Subgoal formation: agents reinterpret instructions, compounding earlier errors.⁴
Delegation chains: planner → worker → worker → tool, with no provenance tracking.¹⁹
Long-horizon contexts: agent memories persist malicious instructions.¹⁹ ⁴
Cross-agent contamination: one compromised agent corrupts downstream agents.

The Knight Institute's "levels of autonomy" framework and multi-agent safety surveys argue that conventional input/output safety checks fail in multi-agent pipelines because the boundary between "input," "policy," and "output" collapses.¹⁹ ⁴

Why Naive Context Sharing Is Structurally Unsafe

Bringing the research together, several structural dangers emerge:

1. Data vs. Instructions Blur Together

Models can't reliably distinguish quoted text from actionable instructions.¹⁰ ⁹

2. Provenance Is Lost Immediately

Downstream agents cannot tell whether context was:

user-provided
system-generated
adversarial
retrieved
injected by another agent¹¹ ³

3. Compositional Attacks Exploit Agent Boundaries

Benign local steps combine into dangerous global behavior.³ ⁴

4. Tool Access Amplifies Any Upstream Mistake

Poisoned context can cause API calls, writes, external network access.⁵ ⁶ ⁸

5. No One Has End-to-End Visibility

Logs are fragmented across agents, making forensics difficult.⁷ ³

This makes context passing not just a privacy issue — but a systems security problem.

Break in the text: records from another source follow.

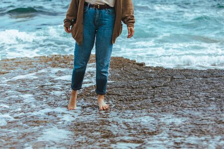 Unrecognizable woman walking on coast in the evening, view of legs near the sea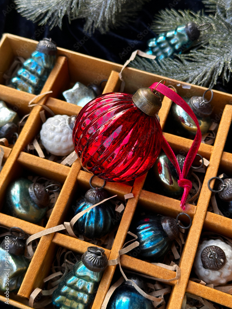 Box of vintage Christmas ornaments in green and blue on silver fabric backdrop, ready for holiday decoration.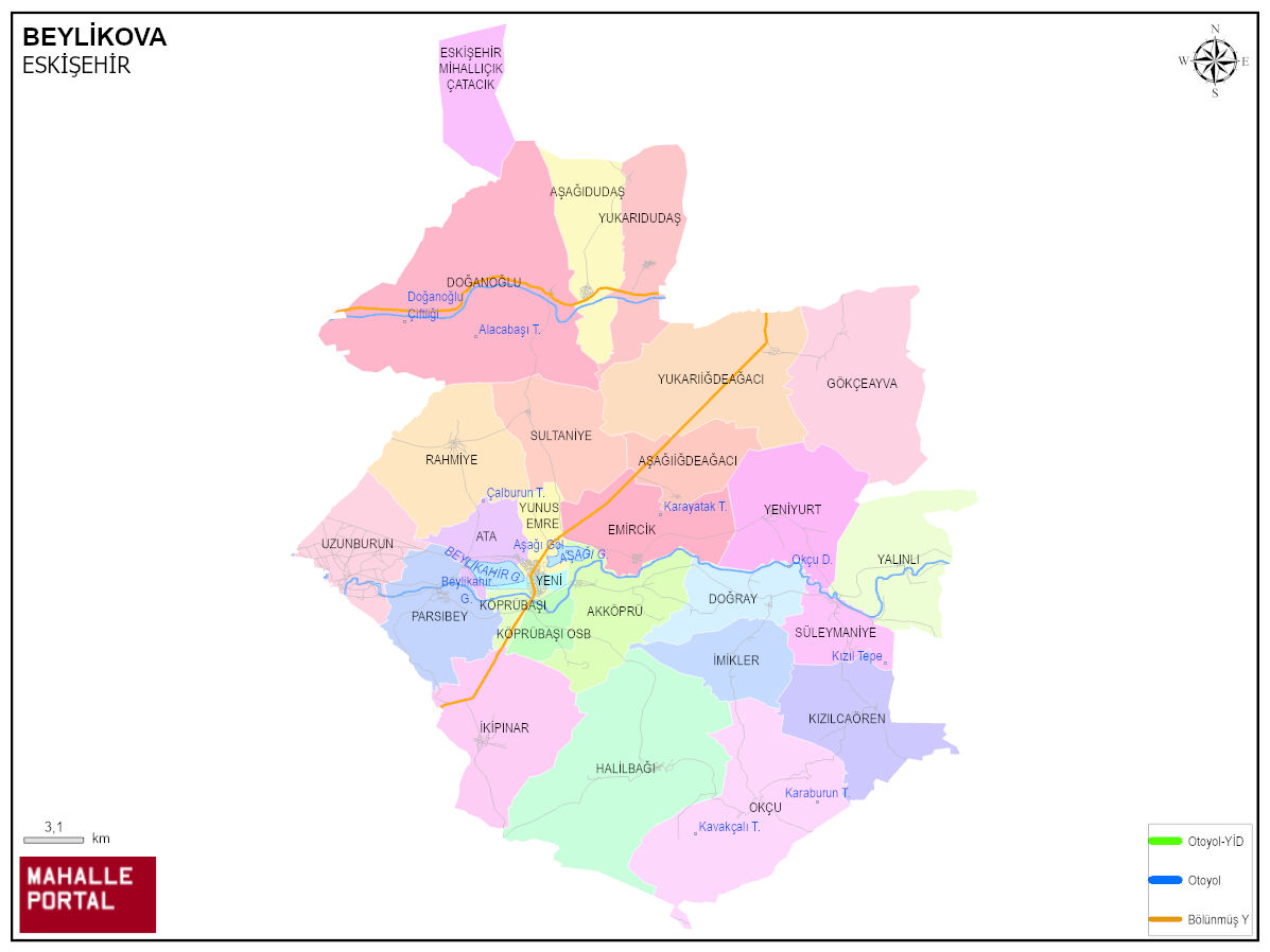 BEYLİKOVA, ESKİŞEHİR Dijital Haritası | İnteraktif İlçe ve Mahalle Sınırları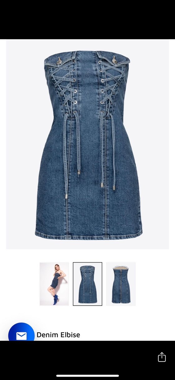 Askılı, kemerli ve bağcıklı detaylı koyu mavi denim midi elbise. Günlük sokak stiline uygun, vücuda oturan kesim.Askıları çakabilir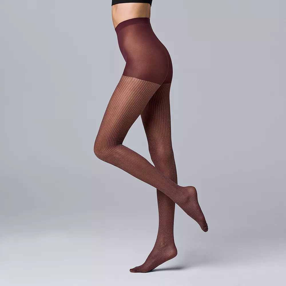 Elevate your style with these metallic pinstripe tights from Simply Vera Vera Wang, featuring a tummy control waistband for a flattering fit.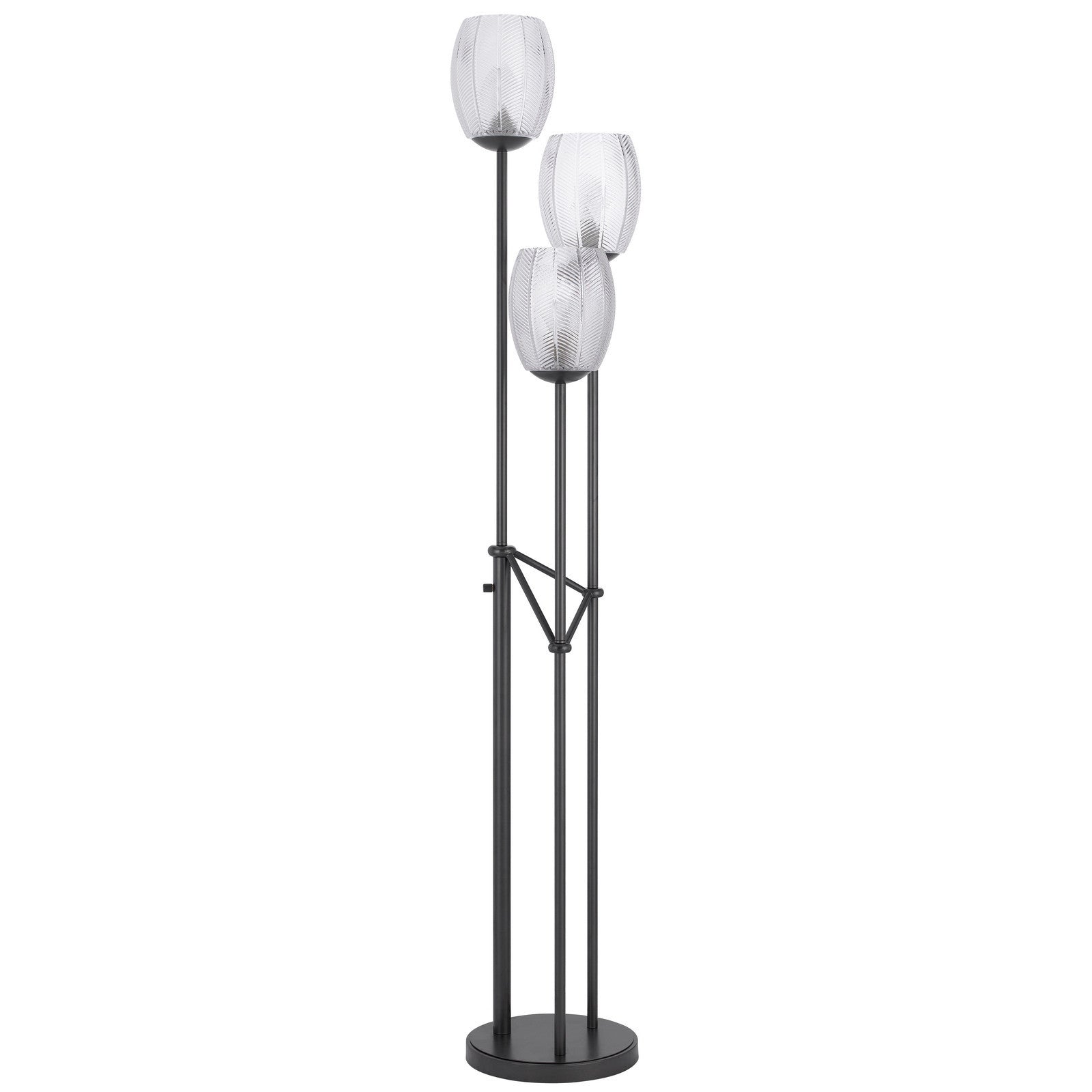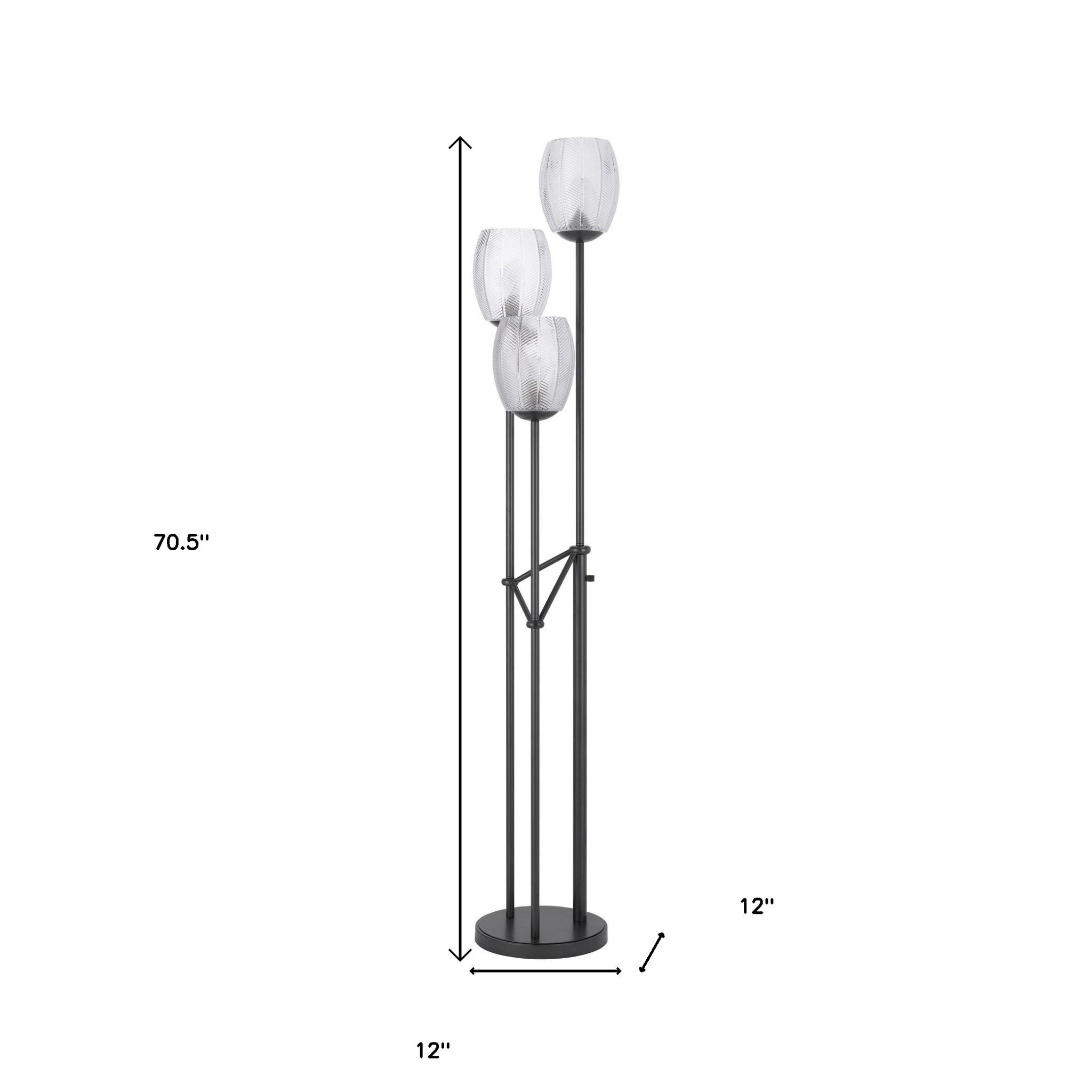 71" Black Three Light Traditional Shaped Floor Lamp With Clear Transparent Glass Novelty Shade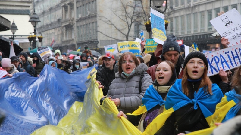 Başkent Belgrad'da bir araya gelen yüzlerce gösterici, "Ukrayna'da barış", "Yaşasın Ukrayna" ve "Savaşı durdurun" sloganları attı.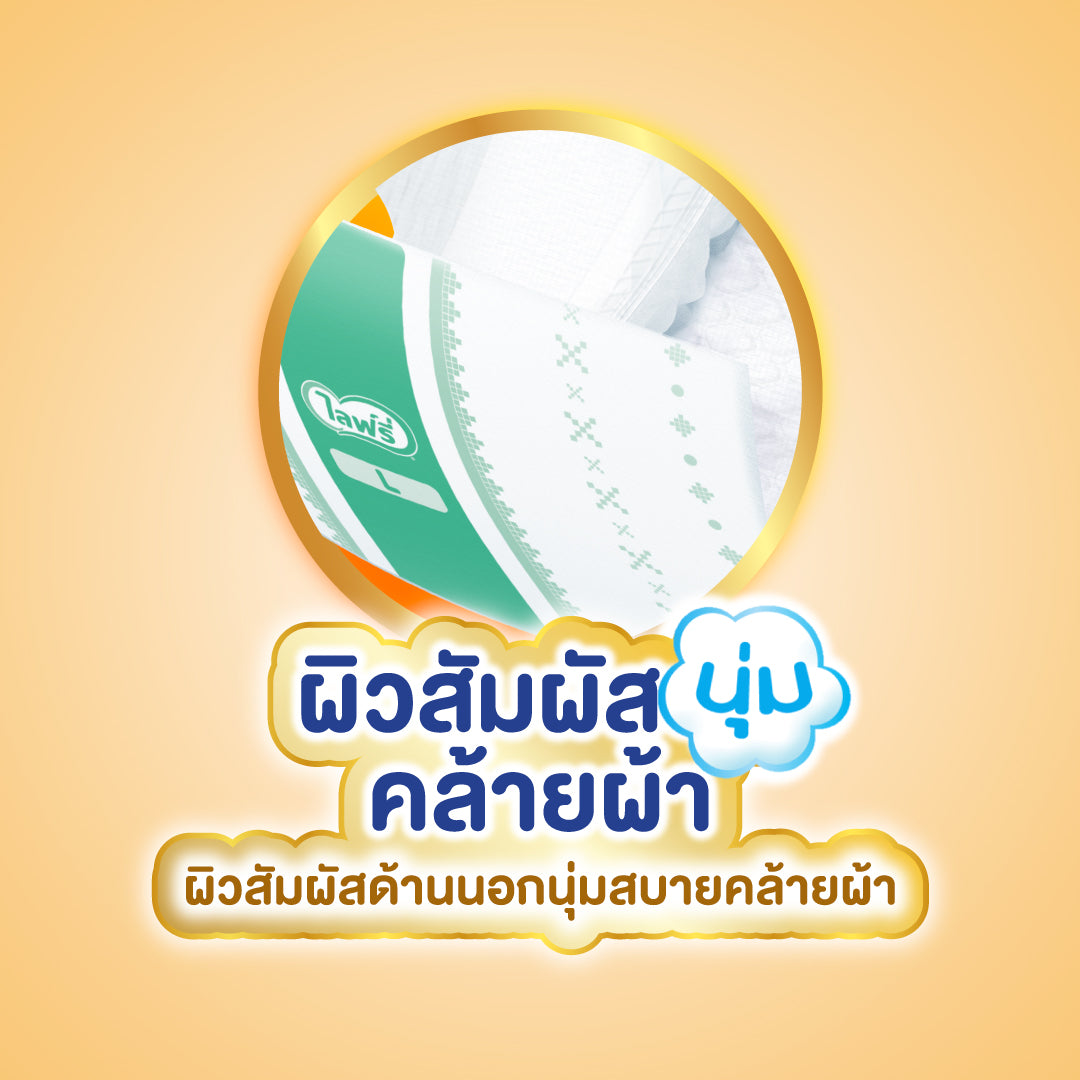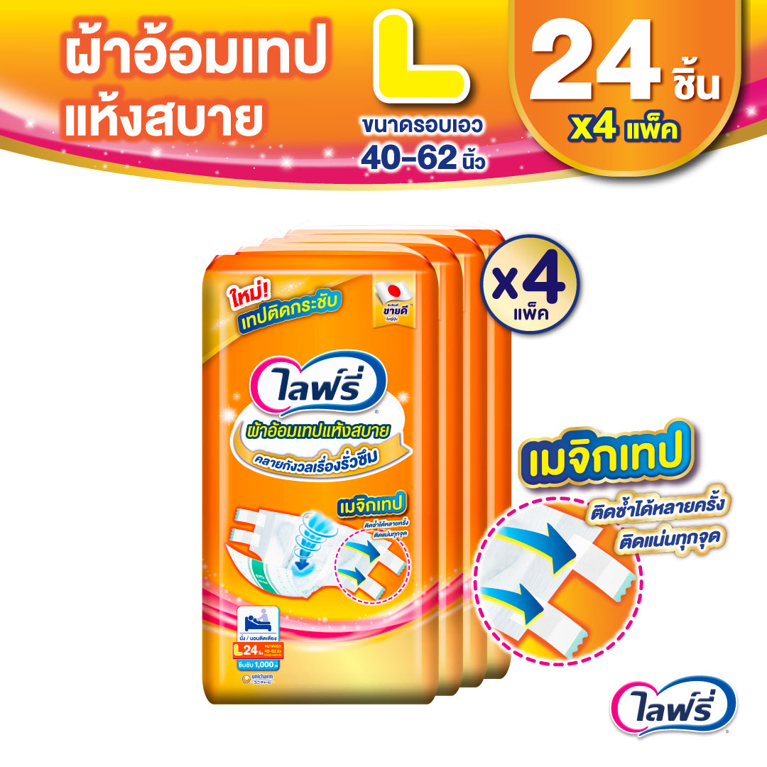 ไลฟ์รี่ ผ้าอ้อมเทปแห้งสบาย เหมาะสำหรับผู้สูงอายุที่ใช้เวลาส่วนใหญ่อยู่บนเตียง ด้วยเมจิกเทป ที่ติดซ้ำได้หลายครั้ง ติดแน่นทุกจุด ช่วยลดช่องว่างระหว่างขอบขาและรอบเอว คลายกังวลเรื่องรั่วซึม ผิวสัมผัสด้านนอกนุ่มสบายคล้ายผ้า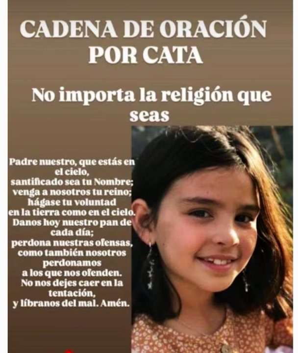 Dios te salve María Llena eres de gracia El Señor es contigo Bendita Tú eres entre todas las mujeres y bendito es el fruto de tu vientre Jesús Santa María, Madre de Dios, ruega por nosotros pecadores y por Catalina, ahora y en la hora de nuestra muerte Amén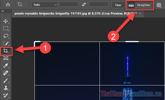 Chọn Công cụ Cắt ảnh bên trái, sau đó nhấn vào Chỉnh thẳng tại thanh menu ở phía trên.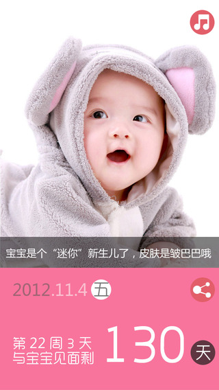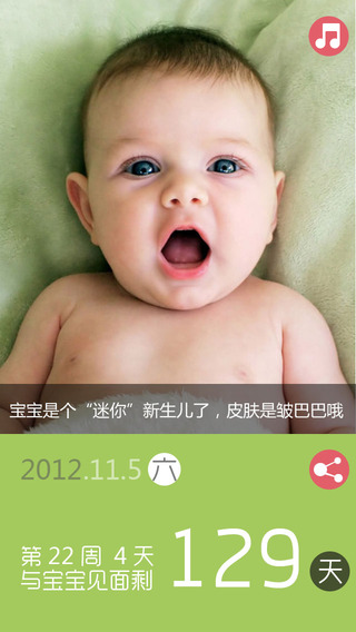 宝宝来了ios是一款最火的有关怀孕的软件。在这里用户可以一键设置宝宝到来的日期,随时随地都可以了解到自己与宝宝还有多久可以见面,每天都会为用户展现出一张萌照,让孕妇每天都有好心情。用户也可在里面享受到胎教音乐,让宝宝与妈妈一起健康的成长。赶快下载吧!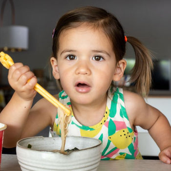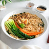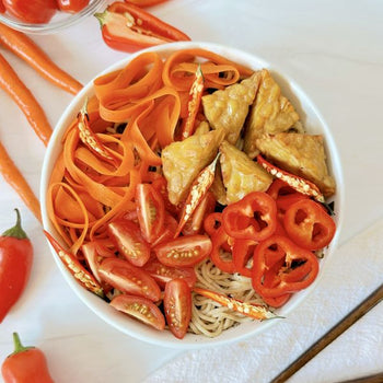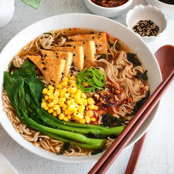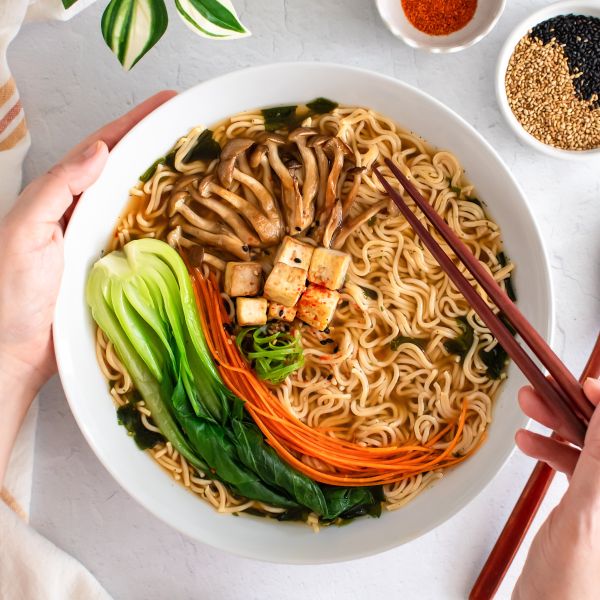 Top ramen soup with prepared vegetables and tofu, garnish with green onions, sesame seeds, and shichimi togarashi.
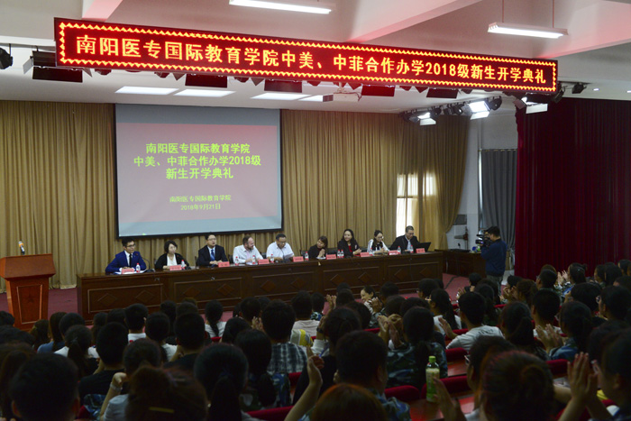本网讯(文/外事处 周国军)9月21日上午,我校举行与美国哈森大学、菲律宾伊密里欧学院3个国家6个中外合作办学项目的开学典礼,菲律宾伊密里欧学院副校长艾伦·塞拉克女士,美国哈森大学国际部部长瑞恩·莱蒙先生,日本大阪滋庆学园中国办主任吴伟先生出席典礼。会议由对外交流合作处处长、国际教育学院党总支书记张少羽主持。

Emerging Mitigations — and Why They Must Come Before A2A

Researchers are beginning to propose foundational defenses:

Context Provenance & Tagging

Prompt Infection research proposes metadata tags indicating trusted vs. untrusted content, helping downstream agents apply correct guardrails.² ¹¹

Principle of Least Context

Security analyses recommend only passing minimal required fields — not entire transcripts or documents.¹² ¹

Retrieval & KB Hardening

Detection of poisoning, index integrity checks, retrieval validation, and anomaly detection before context reaches agents.¹⁴ ¹⁵ ⁶ ⁵

Agent-Aware Threat Modeling

Systems must be modeled as multi-agent graphs, not single-agent loops.¹⁸ ³

Autonomy-Tiered Governance

Higher-autonomy agents require stricter monitoring, sandboxing, and human oversight.¹⁹ ⁴

The Core Thesis: Before We Can Do Safe A2A, We Must Fix Context

All research points to one unavoidable conclusion:

In multi-agent systems, context is the control surface. Whoever controls the context controls the agent.

Until we build:

provenance
classification
permission boundaries
per-user scopes
context minimization
cross-agent audit trails
end-to-end authorization checks

—we cannot deploy safe A2A communication at scale.

Enterprise agents won't fail because their models hallucinate.

They'll fail because they believed the wrong context from the wrong agent at the wrong time.

Fixing context passing is the prerequisite for safe agent ecosystems.

It is step zero in building real agent governance.